[HIVE] 源码解析SQL->MR [GroupBy]

一、数据准备

 join_d1.c1<int>join_d1.c2<string>join_d1.c3<double>join_d1.c4<string>
 1a1.1a
 2b1.2b
 3c1.3c
 4d1.4d
 2e1.5e
 3f1.6f

二、查看执行计划

Case1: select c1 from hivedemo.join_d1 where c3 > 1.2 group by c1

hive> explain select c1 from hivedemo.join_d1 where c3 > 1.2 group by c1;
OK
STAGE DEPENDENCIES:
  Stage-1 is a root stage
  Stage-0 depends on stages: Stage-1

STAGE PLANS:
  Stage: Stage-1
    Map Reduce
      Map Operator Tree:
          TableScan
            alias: join_d1
            Statistics: Num rows: 4 Data size: 50 Basic stats: COMPLETE Column stats: NONE
            Filter Operator
              predicate: (c3 > 1.2) (type: boolean)
              Statistics: Num rows: 1 Data size: 12 Basic stats: COMPLETE Column stats: NONE
              Select Operator
                expressions: c1 (type: int)
                outputColumnNames: c1
                Statistics: Num rows: 1 Data size: 12 Basic stats: COMPLETE Column stats: NONE
                Group By Operator
                  keys: c1 (type: int)
                  mode: hash
                  outputColumnNames: _col0
                  Statistics: Num rows: 1 Data size: 12 Basic stats: COMPLETE Column stats: NONE
                  Reduce Output Operator
                    key expressions: _col0 (type: int)
                    sort order: +
                    Map-reduce partition columns: _col0 (type: int)
                    Statistics: Num rows: 1 Data size: 12 Basic stats: COMPLETE Column stats: NONE
      Reduce Operator Tree:
        Group By Operator
          keys: KEY._col0 (type: int)
          mode: mergepartial
          outputColumnNames: _col0
          Statistics: Num rows: 1 Data size: 12 Basic stats: COMPLETE Column stats: NONE
          File Output Operator
            compressed: false
            Statistics: Num rows: 1 Data size: 12 Basic stats: COMPLETE Column stats: NONE
            table:
                input format: org.apache.hadoop.mapred.TextInputFormat
                output format: org.apache.hadoop.hive.ql.io.HiveIgnoreKeyTextOutputFormat
                serde: org.apache.hadoop.hive.serde2.lazy.LazySimpleSerDe

  Stage: Stage-0
    Fetch Operator
      limit: -1
      Processor Tree:
        ListSink

Time taken: 0.031 seconds, Fetched: 48 row(s)

Map阶段:以c1为key,组成HiveKey,相同的c1值会被过滤。
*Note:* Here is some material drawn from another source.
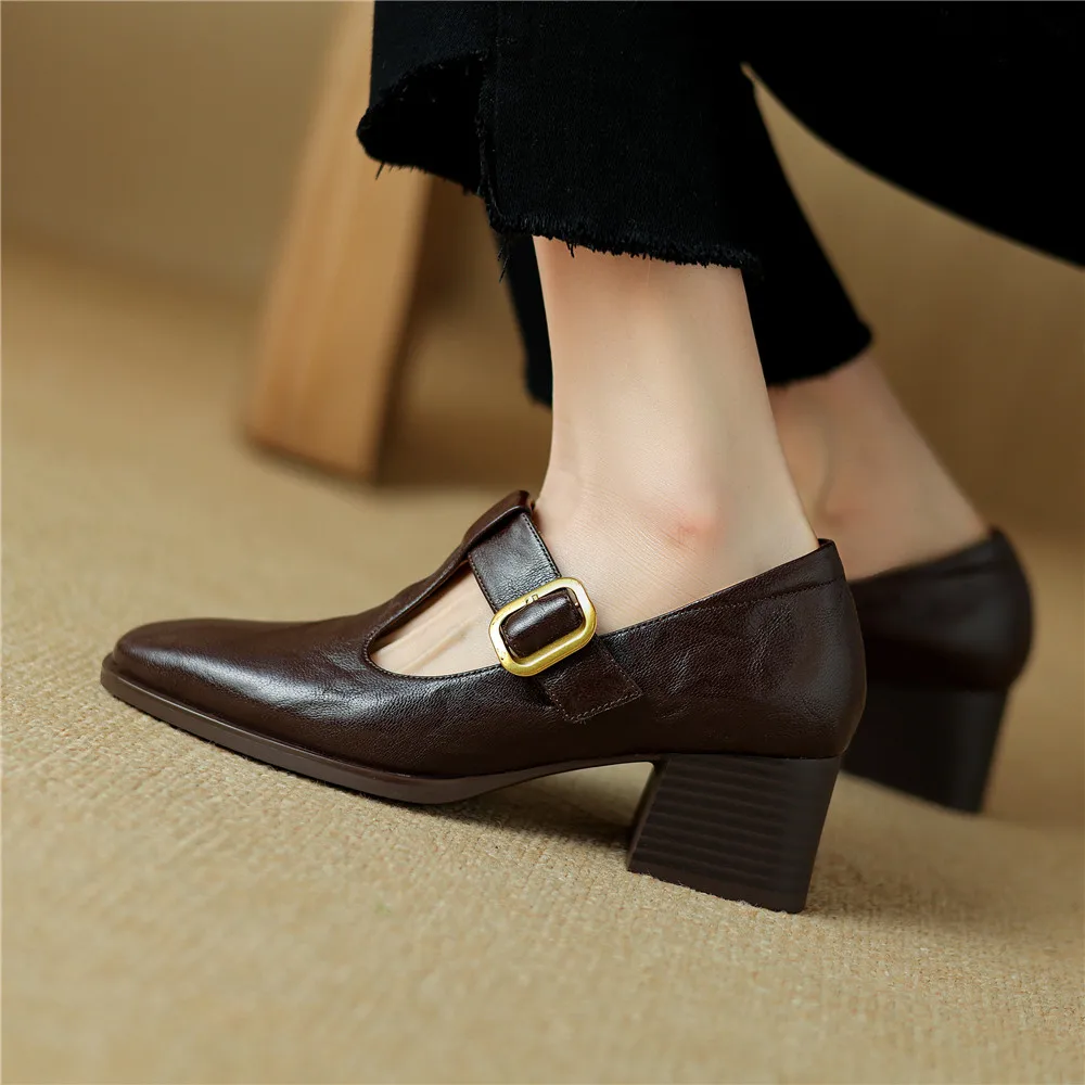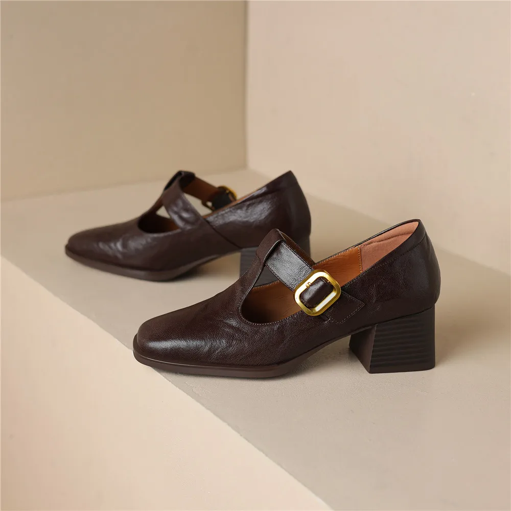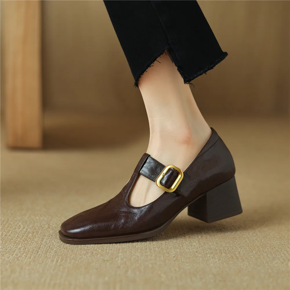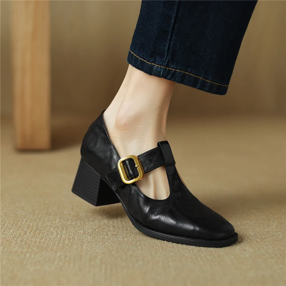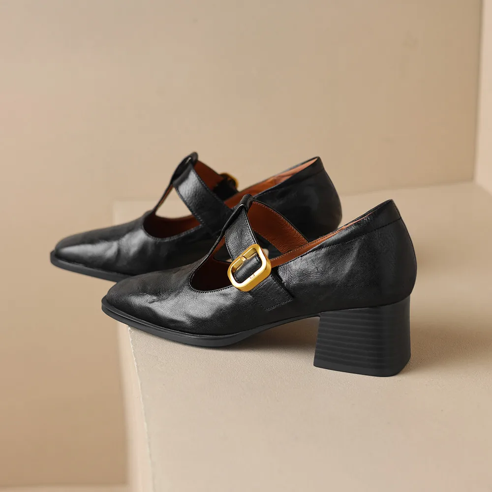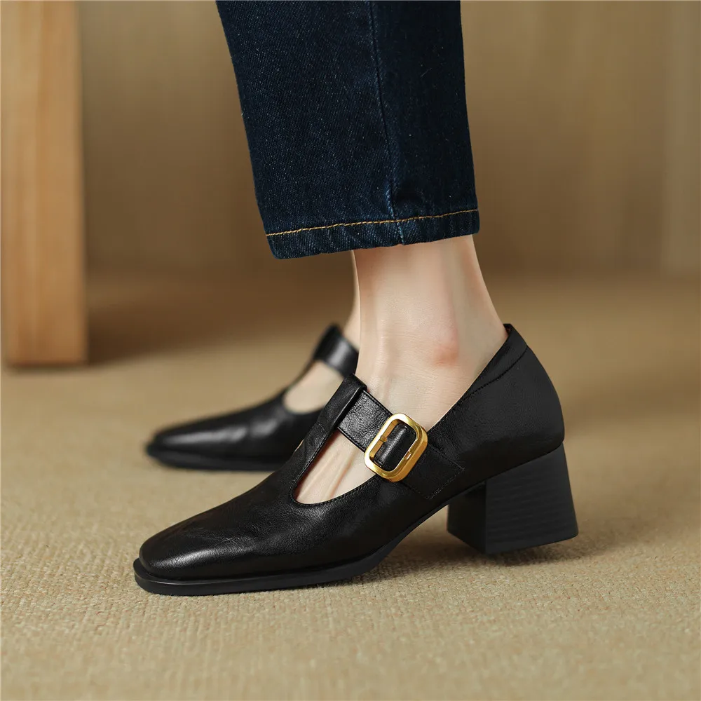Genuine leather thick heel square toe pumps for office

在close时候,flush到hdfs上。以key是以c1组成的HiveKey,value是空值。ByteWritable。

Reduce阶段:输出key即可

 

首先该SQL,分为两个Stage,

Stage0是FetchTask。是依赖于Stage1的。FetchTask会生成FetchOperator。 获取Stage1的FileSinkOperator的数据

Stage1是的

Map阶段

ExecMapper(MapOperator)读取每行数据  -> TableScanOperator -> FilterOperator(c3 > 1.2) -> SelectOperator -> GroupByOperator

Reduce阶段

ExecReduer读取数据 -> GroupByOperator -> FileSinkOperator

 

过程如下:

Map阶段

ExecMapper (MapOperator)从HDFS上读取第一行数据1,a,1.1,a -> TableScanOperator(可做limit限制) -> FilterOperator (1.1 > 1.2) false,则该行抛弃,下一行

ExecMapper (MapOperator)从HDFS上读取第一行数据2,b,1.2,b -> TableScanOperator(可做limit限制) -> FilterOperator (1.2 > 1.2) false,则该行抛弃,下一行

ExecMapper (MapOperator)从HDFS上读取第三行数据3,c,1.3,c -> TableScanOperator(可做limit限制) -> FilterOperator (1.3 > 1.2) true -> SelectOperator 选择c1 -> GroupByOperator(获取3的hashcode,作为hashAggregation的key。value=aggr函数的值,本例中为空。如果key已经存在,则更新。没有则创建)

.. 依次迭代下去

 

当Map阶段结束后,flush到hdfs,以hasAggregations的key为Key,

Reduce阶段

ExecReduer (ReducerOperator) 从HDFS上读取第一行数据,比如 3为key,空为value -> GroupByOperator(更新hashAggregation,本例中无需更新)。 设置当前的key为3. 注意:因为MR默认是key排序的,所以,当出现key不等于当前key时候,后面的数据再也不出现之前的key,所以需要把结果flush到hdfs上。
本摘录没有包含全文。